Auch sportlich darf der BSCWL auf erfolgreiche Wettkampftage zurückblicken. Mit
insgesamt 18 Gold-, 20 Silber- und 5 Bronzemedaillen sowie zahlreichen weiteren
Spitzenplatzierungen erzielten die Athlet:innen hervorragende Resultate. Noch bedeutender
als die Medaillen waren jedoch die persönlichen Fortschritte, die überwundenen
Herausforderungen und die vielen strahlenden Gesichter.
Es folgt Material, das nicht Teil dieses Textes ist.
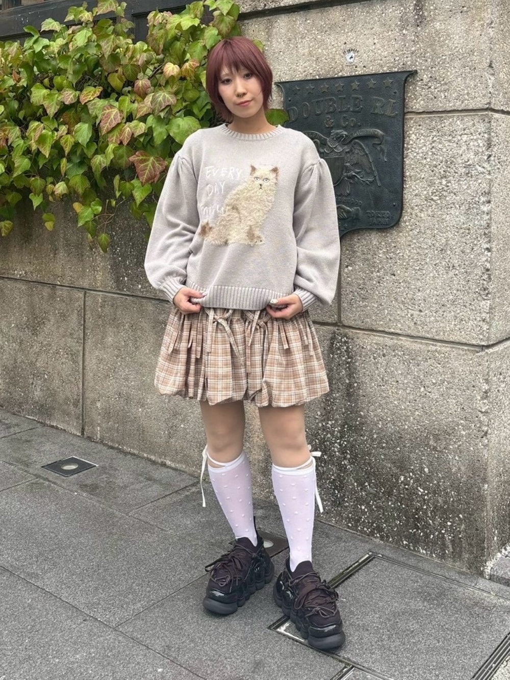 猫柄がキュートなニットトップスに チェックのバルーンスカートを合わせた ニットコーデ♡ Candy Stripper原宿店/中西/160cm

Am Sonntagnachmittag gingen die National Summer Games 2026 mit der Abschlussfeier zu
Ende. Mit der Übergabe der Flagge an den nächsten Austragungsort und dem Erlöschen
der Flamme fand ein aussergewöhnliches Sportfest seinen Abschluss. Rund 1500
Athlet:innen hatten während vier Tagen eindrücklich gezeigt, was mit Leidenschaft, Mut und
Zusammenhalt möglich ist.
Glücklich, zufrieden und stolz – aber auch müde von den intensiven Tagen – trat die
Delegation des BSCWL die Heimreise an, im Gepäck unzählige schöne Erinnerungen und
unvergessliche Momente.
Was bleibt, sind vier unvergessliche Tage voller Emotionen, sportlicher Höhepunkte und
wertvoller Begegnungen. Die National Summer Games 2026 waren weit mehr als ein
Wettkampf – sie waren ein Fest der Freude, des Respekts und der Gemeinschaft. Ein
Feuerwerk der Emotionen, das allen Beteiligten noch lange in Erinnerung bleiben wird.